Part of the hr frameworks cluster. This is educational, operational guidance that connects to the wider site — the employee lifecycle, employer operations, metrics and templates.
It connects the concept to retention practice.
Why it matters
Retention rarely improves by accident. A clear framework makes it proactive and driver-based rather than reactive at resignation.
It supports the retention rate.
Key concepts
- Risk identification by cohort.
- Action on controllable drivers.
- Learning from stays and exits.
- Proactive, not reactive.
Operational framework
- Define how retention risk is identified.

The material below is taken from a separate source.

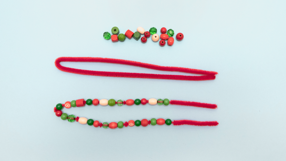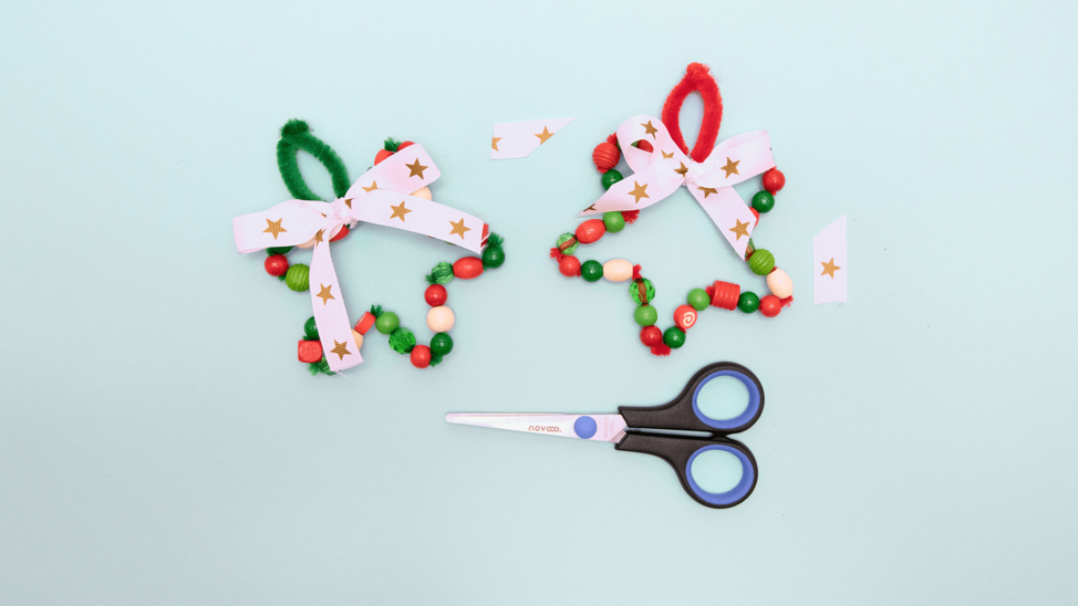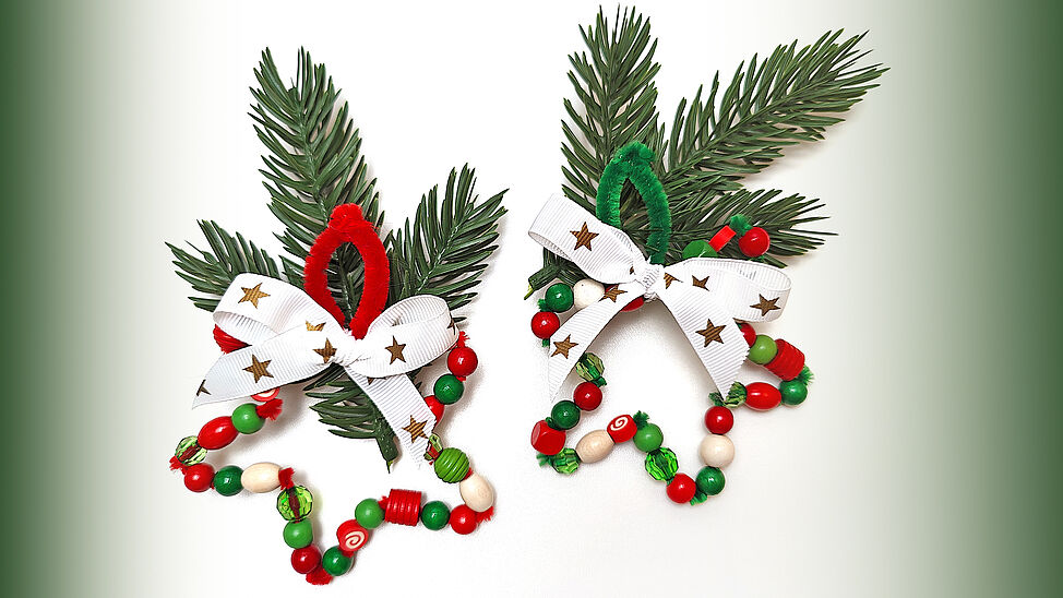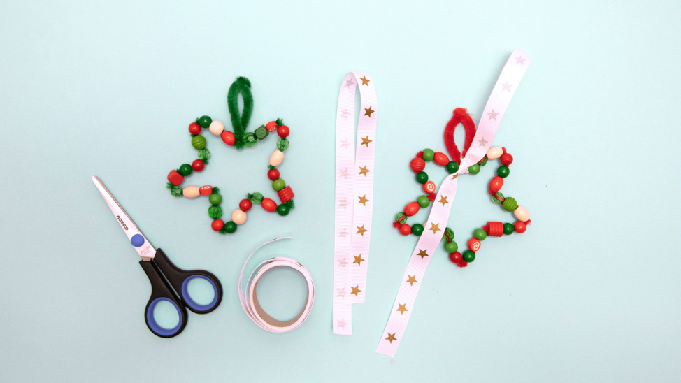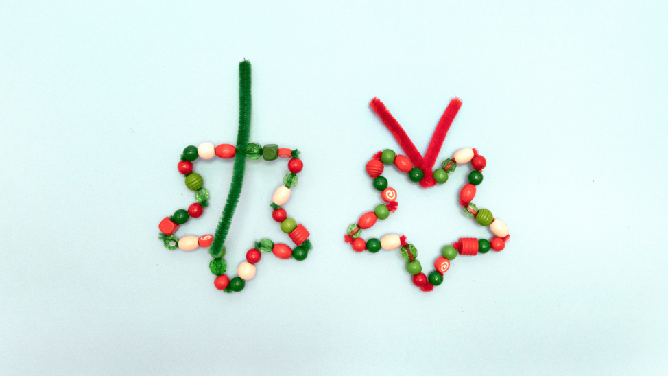 Rasch gemacht, super für kleine Hände und ohne Kleber: Mit Chenilledraht und bunten Perlen entstehen fröhliche Weihnachtsanhänger. Perfekt für den Christbaum oder als Geschenkdeko.

- Focus on controllable drivers.
- Build in stay and exit learning.
- Connect to action and tracking.
- Connect it to plans and metrics.
Use cases
- Structuring retention efforts.
- Making retention proactive.
- Connecting drivers to action.
- Learning from exits systematically.
Common challenges
- Reactive-only retention.
- Focusing on uncontrollables.
- Ignoring exit signals.
- No tracking.
Best practices
- Be proactive.
- Focus on controllables.
- Learn from exits.
- Tie concept to plans.
Common mistakes
- Acting at resignation.
- Chasing uncontrollables.
- Ignoring exits.
- No segmentation.
Measure this with the employee retention rate metric, put it into practice with the employee retention plan template, and run it as a system via operationalising employee retention.
Free, printable HR resources
Practical, ungated resources to put this into action — no signup.